3.5.6. End the Algorithm

If the molecular behavior is such that the algorithm may be ended, then end the optimization process.

3.5.7. Train the Diagnosis Model

The molecule with the minimum PE corresponds to the global optimum solution, which is associated with the kernel width and penalty factor of the optimized TWSVM. The width and factor values are then assigned to TWSVM, which is trained using the training sample to produce the transformer fault diagnosis model.

3.5.8. Testing

Finally, the model is tested for accuracy.

4. A Transformer Fault Diagnosis Model Based on CRO-TWSVM

4.1. Choice of Parameters

The fault diagnosis model parameters are derived from the input characteristic values of the fault diagnosis methods recommended by IEC and IEEE, which are mainly divided into two categories: the input parameters of the IEC method, Roger method (RRM), and Doernenburg method (DRM) are gas ratios; and the input parameters of the key gas method (KGM), David triangle method (DTM) are gas contents.

The feature parameters in the above methods are extracted and repeated features are removed. C₂H₂/C₂H₄ and CH₄/H₂ ratios provide a good discriminating power with respect to thermal faults and discharge faults; C₂H₄/C₂H₆ and C₂H₄/CH₄ ratios perform well in distinguishing between low-, medium-, and high-temperature thermal faults; C₂H₂/C₂H₄ and C₂H₄/C₂H₆ ratios are suitable for distinguishing between medium- temperature and high-temperature thermal faults. C₂H₂/C₂H₄ and C₂H₄/C₂H₆ ratios are good indicators to distinguish partial-, low-, and high-temperature discharge faults [4,17,22,48,49,50].

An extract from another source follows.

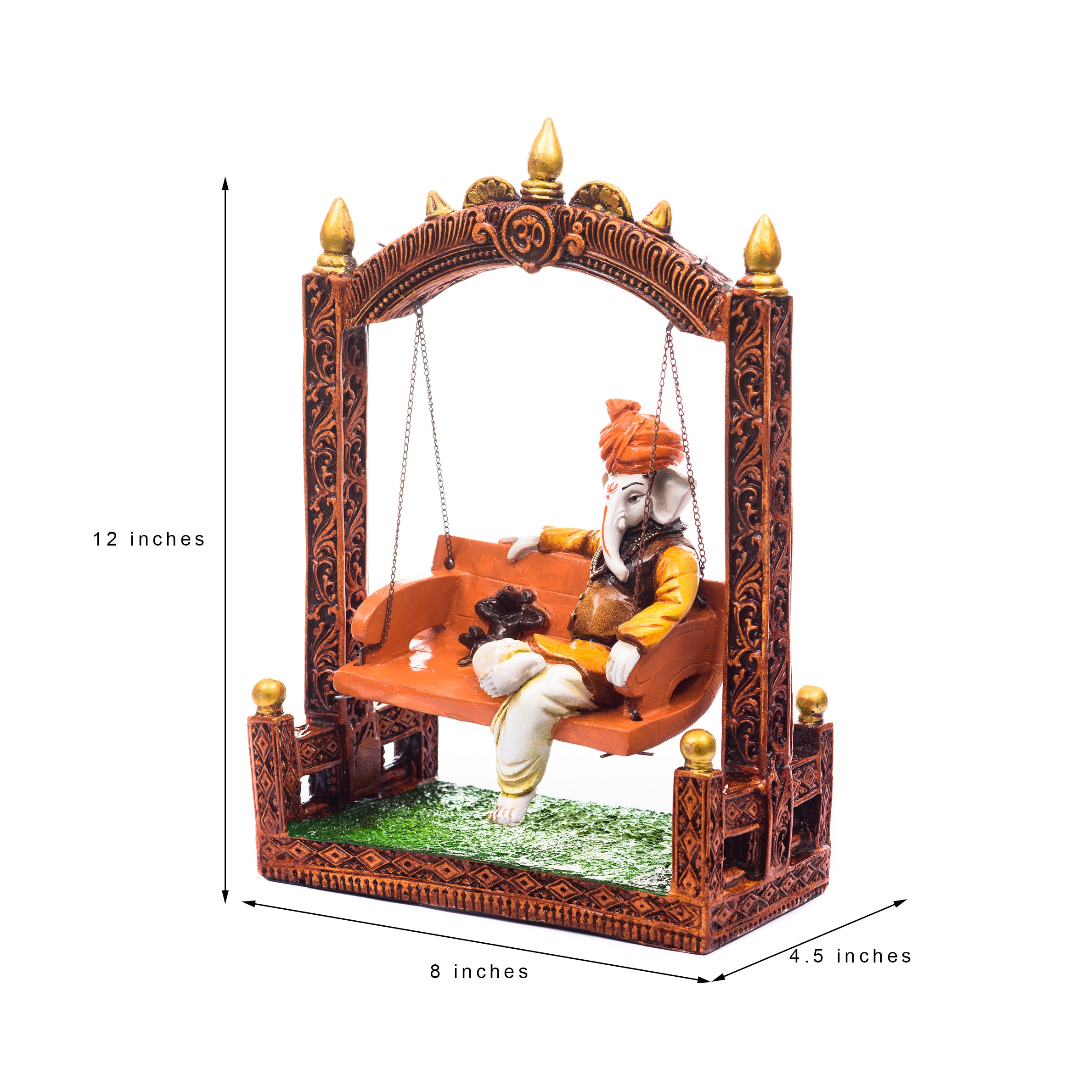 Product Description - Seated on an elaborate and intricately carved jhoola is a relaxed-looking Lord Ganesha and his dear friend Mooshak! If you are looking to add some color, spirituality, and whimsy to your interiors, then this is the décor piece that you will want. The detailing on the jhoola is impressive and you are sure to fall in love with our brown Mouse & Lord Ganesha idol on the swing showpiece. We are pretty sure that you will want to gift this to all your loved ones too! Lord Ganesha is known for bringing well-being, success, and overcoming obstacles. Placement of Ganesha brings good luck, prosperity & wealth to your home. If you are out looking for the perfect Ganesha idol that is elegant yet reflects your religious belief, then this is the perfect pick. This idol from eCraftIndia is the best fit for décor as well as gifting purposes. This handcrafted piece of brilliance is an ode to the talent and creativity of Indian artisans and is very easy to maintain as well.

The contents of H₂ and C₂H₂ were added to the model as input parameters to judge the normal or abnormal state of the transformer. The content of C₂H₂, as a percentage of the total hydrocarbon, is an important indicator used to determine the degree of discharge and over-heating in the oil; therefore, the ratio of C₂H₂/TCG (total combustible gas) was included. Finally, combined with the advantages of feature parameter identification of various fault diagnosis methods, a DGA fusion analysis model was established as the input parameter of the support vector machine, as shown in Table 1.

4.2. Model Construction

The transformer fault diagnosis model based on CRO-TWSVM is composed of TWSVMs, the fusion DGA parameters, and multiple classification structures of a partial binary tree (PBT), as shown in Figure 3.

Seven fault modes are identified if the normal state is included: normal NF, low overheat T1 (below 300℃), medium overheat T2 (300–700℃), high overheat T3 (over 700℃), partial discharge (PD), low-energy discharge (D1), and high-energy discharge (D2).

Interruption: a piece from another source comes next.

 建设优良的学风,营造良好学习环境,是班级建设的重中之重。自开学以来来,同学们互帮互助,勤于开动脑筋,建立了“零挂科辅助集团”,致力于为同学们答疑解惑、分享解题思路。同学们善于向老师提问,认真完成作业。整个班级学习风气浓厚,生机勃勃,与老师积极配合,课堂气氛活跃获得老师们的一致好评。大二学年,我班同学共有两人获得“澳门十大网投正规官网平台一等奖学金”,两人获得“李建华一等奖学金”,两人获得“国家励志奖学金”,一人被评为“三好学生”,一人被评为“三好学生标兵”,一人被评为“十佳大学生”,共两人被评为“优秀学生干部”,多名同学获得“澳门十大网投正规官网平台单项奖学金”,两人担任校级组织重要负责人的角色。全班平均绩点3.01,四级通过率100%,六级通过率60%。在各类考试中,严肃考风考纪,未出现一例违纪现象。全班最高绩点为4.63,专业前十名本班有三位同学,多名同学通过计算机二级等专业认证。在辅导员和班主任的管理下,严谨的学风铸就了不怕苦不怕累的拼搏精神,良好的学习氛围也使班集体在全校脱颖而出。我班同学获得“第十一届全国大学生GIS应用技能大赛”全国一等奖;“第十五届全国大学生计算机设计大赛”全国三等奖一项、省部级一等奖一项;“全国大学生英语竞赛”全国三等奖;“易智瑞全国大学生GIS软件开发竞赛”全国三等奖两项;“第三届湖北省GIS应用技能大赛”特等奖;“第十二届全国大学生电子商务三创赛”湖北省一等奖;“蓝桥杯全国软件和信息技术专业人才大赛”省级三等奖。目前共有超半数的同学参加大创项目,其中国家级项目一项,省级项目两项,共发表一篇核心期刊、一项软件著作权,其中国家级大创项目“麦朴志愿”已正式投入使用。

The model includes a total of six sub-classifiers. To improve training and diagnosis efficiencies, the input of each sub-classifier contains characteristic parameters that are most effective for identifying the faults for which the sub-classifier is designed.

In this model, six TWSVMs, eight characteristic parameters, and four layers of fault samples classification were established to identify seven patterns. In the first layer, TWSVM1 is used as a classifier to classify the samples into a normal sample (NF) and fault sample (TF and DF). In the second layer, TWSVM2 is used as a classifier to classify samples into discharge fault (DF) and overheat fault (TF). In the third layer, TWSVM3 and TWSVM4 are used. TWSVM3 is used to classify T1, T2, and T3; and TWSVM4 is used to classify PD, D1, and D2. TWSVM5 and SVM6 are used in the fourth layer for further fault classification. TWSVM5 is used as a classifier to classify the samples T2 and T3, TWSVM6 is used as a classifier to classify the samples D1 and D2.

5. Examples of the Transformer Fault Diagnosis Model

5.1. Diagnosis Examples

The training and test sample set used by CRO-TWSVM model included 960 pieces of data, part of the data in the sample set were actual 220 kV and 500 kV transformer DGA data taken from a provincial branch company of the state grid and some were raw DGA data taken from the literature [3,6,7,8,9,10,35,36,37,38,39]. Four hundred and fifty seven (457) pieces of data were extracted from the sample set, among which 345 pieces were taken as training samples and 112 pieces were taken as test samples. Meanwhile, PD and T3 samples are properly processed to achieve an ideal unbalanced situation. The distribution of samples are given in Table 2.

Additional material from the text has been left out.